Women Taking Risks & the Future of Music in Spain (Part 3/3)

Macy Lethco
The Intersection: Listen Global
3 min readMar 17, 2019
Photo by Pablo Alzaga

Bad Gyal has a long time love for Jamaican culture, specifically dancehall, and has used the Afro-Caribbean beats she heard in the Barcelona clubs she used to sneak into as a teen as the driving beat for her brand of dance-centered, multilingual tracks. She has been steadily releasing music for the past few years, with the aid of a number of producers, including Dubbel Dutch, Fakeguido, El Guincho, and LOWLIGHT.

When she achieved her dream of going to Jamaica and working with local artists and choreographers last year, resulting in the track “Unknown Feeling” with Qraig Voicemail, she realized it was just a jumping off point in her music career. Although Spanish media has named her “the Queen of Dancehall,” in an interview with El Bloque she said, “It’s hard even for me to define my sound,” because it incorporates a variety of influences, like reggaeton, hip hop, trap, and electronic music, in addition to Jamaican dancehall, all centered on beats, movement, and energy.

La Zowi

Photo from El Pais.

Born in Paris but raised throughout Spain, La Zowi draws on the influences of urban music to produce her highly electronic and distorted trap pop.
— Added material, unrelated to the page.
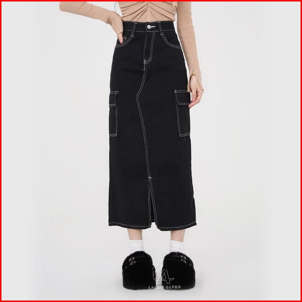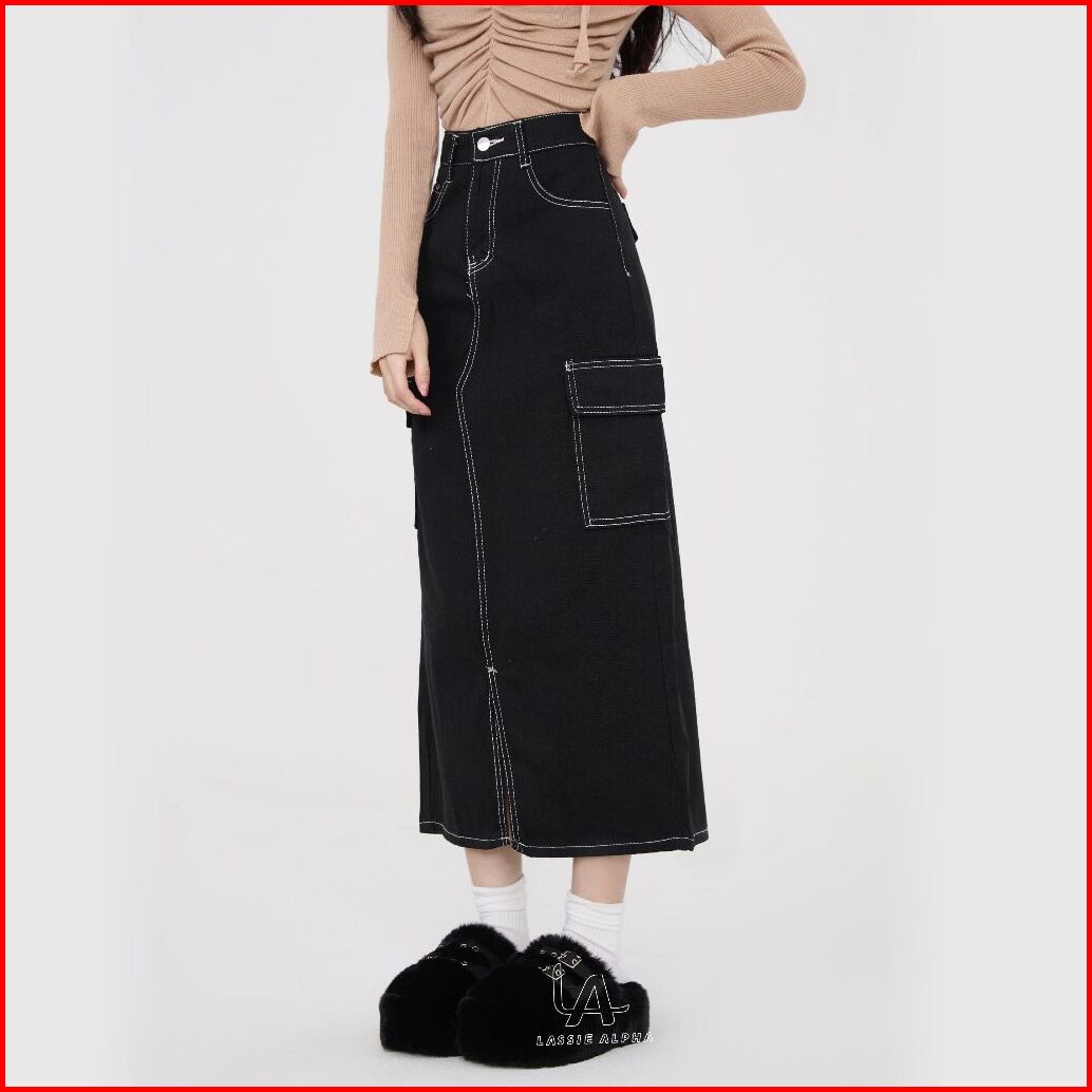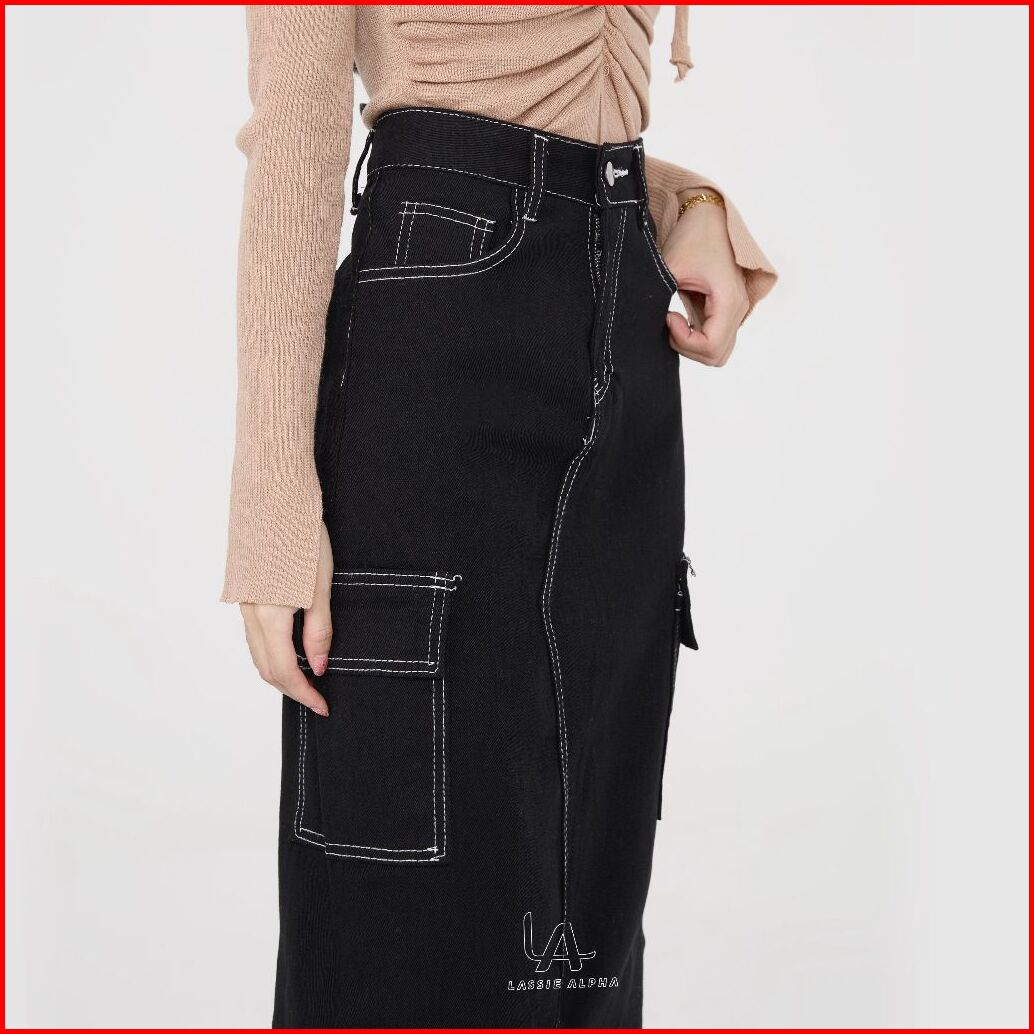 Lassie Alpha J67 Ready Stok Rok Panjang Hitam Wanita Rok Casual Rok
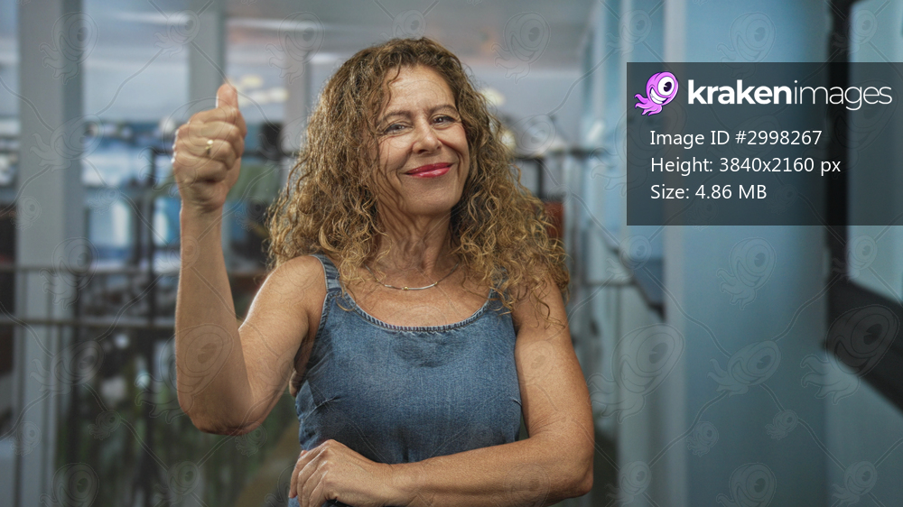 Woman with arms crossed in sleeveless denim tanktop standing in building corridor with railing and plants visible; calm confidence.

La Zowi’s brash lyrics and image give the impression that she really doesn’t care what you think about her. The stylized distortion extends to her interpretation of hip hop and trap in general, twisting genre conventions to produce an underground sound with the subject matter of gender politics and social class.

Buika

Born on the Spanish island of Palma de Mallorca to parents from Equatorial Guinea, Concha Buika has been involved in creative work for years, releasing albums, writing novels and series of poetry, performing operas, mastering multiple instruments, and giving her raw, flamenco-jazz vocals to both global collaborations and her own solo works. Her music is an uncompromising exploration of self, translated through her emotional voice and lyrics that feel at home in an orchestra, a jazz band, or piercing the room accompanied only by a cajon.

Ms Nina

Originally from Argentina, but living in Spain, Ms Nina first crossed my path on a Remezcla feature two years ago, when she was starting to make music full time. Fast forward to the present, and she’s produced a string of successful singles, collaborated with international artists, and become a name to know in the Spanish music scene as a pioneer in the internet-driven subgenre of reggaeton, “neoperreo.” Her wild, femme-centric tracks take all the dance filth of perreo (street/club dance-music blend from the early 2000s; for context, remezcla), pushed through the filter of Ms Nina’s progressive perspective, to deliver a fresh flip of the gender norms in the genre and an extrapolation of self love and confidence.

Paula Cendejas

Photo via Warner Music Spain.

Paula Cendejas, who has broken into the Spanish pop charts and been the center of a splash of media attention (here in Noisey and independent magazine NEO2), has orchestrated her own come up via Youtube and Instagram, recording covers of hit songs by both Spanish and English language artists. A career made for the digital age, Paula has linked her online persona with the musical direction of Alizzz, a producer attached to big names in Spanish hip hop and pop, whose partnership with Warner Records Spain, Whoa! Music, now represents Paula’s sound.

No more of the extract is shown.